I’m out for the evening in a random city. All by my lonesome.
I’ve been working online all day and now I find myself craving some human interaction, jonesing for a conversation of the non-virtual variety.
But there’s that Resistence1.
I’m reluctant to strike up a conversation with a stranger. The excuses come easily to my mind:
- They might not speak English
- They might think I’m weird
- They might be weird
- That might be her boyfriend
And so on.
But I know deep down that every excuse stems from this: I’m afraid to fail.
I’m afraid that I’ll try connect with a stranger and they’ll reject me. And then I’ll feel like a worthless fool, all alone in a strange city.
But before trundling too far down that dark corridor of negative thought, I remind myself that there is a way out.
All I need to do, is fail on purpose.
With that in mind, I approach a random stranger. There’s no pressure. I don’t have to impress this person. I don’t have to connect with them. I’m allowing myself to fail. I can say or do anything I want, have fun, amuse myself.
If I get rejected, it’s mission accomplished. I’ll have failed on purpose.
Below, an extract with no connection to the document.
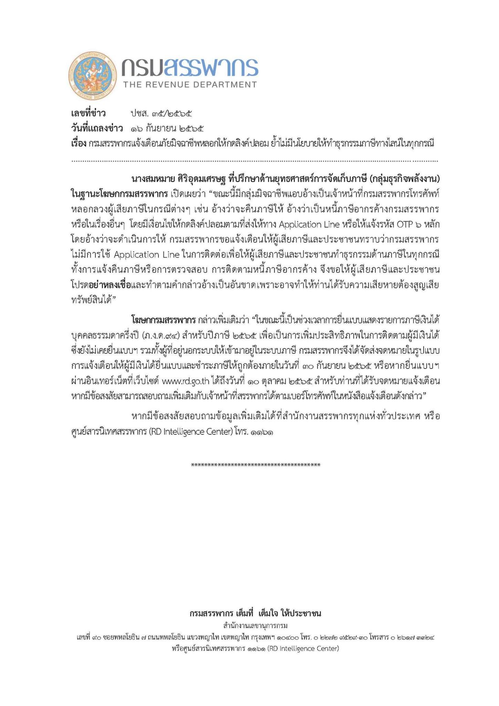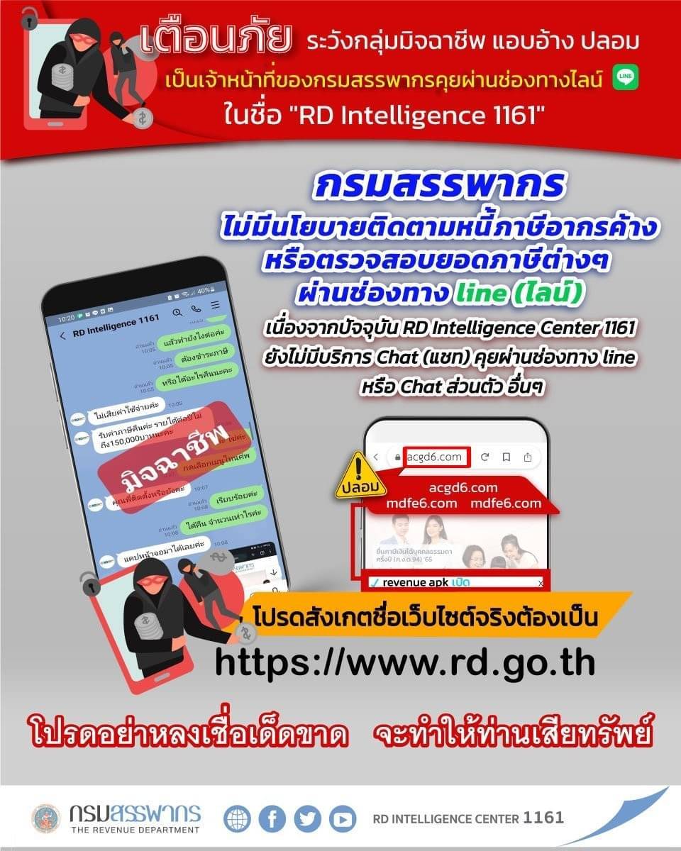 ระวัง! มิจฉาชีพแอบอ้างเป็นเจ้าหน้าที่กรมสรรพากร "เรื่องคืนภาษี" เตือนภัย!!! โปรดระวังกลุ่มมิจฉาชีพแอบอ้างเป็นเจ้าหน้าที่กรมสรรพากร ส่งลิงค์ปลอมให้ทาง Application Line หรือให้แจ้งรหัส OTP 6 หลัก โปรดอย่าหลงเชื่อและทำตามคำกล่าวอ้างเป็นอันขาด เพราะอาจทำให้ท่านได้รับความเสียหายต้องสูญเสียทรัพย์สินได้

And after I fuck it up, I’ll walk away with a smile on my face, reassured that the world is indifferent to my failure (it keeps on spinning regardless), reassured that it doesn’t matter what one or a dozen random strangers think of me.
Having relearned this lesson, the next conversation will be easier. And the one after that will be easier again.
Fast forward to later that same evening and you’ll find me firing on all social cylinders, assuming rapport with everyone I meet, easily making new friends, wondering what the hell I was so scared of just a few hours before.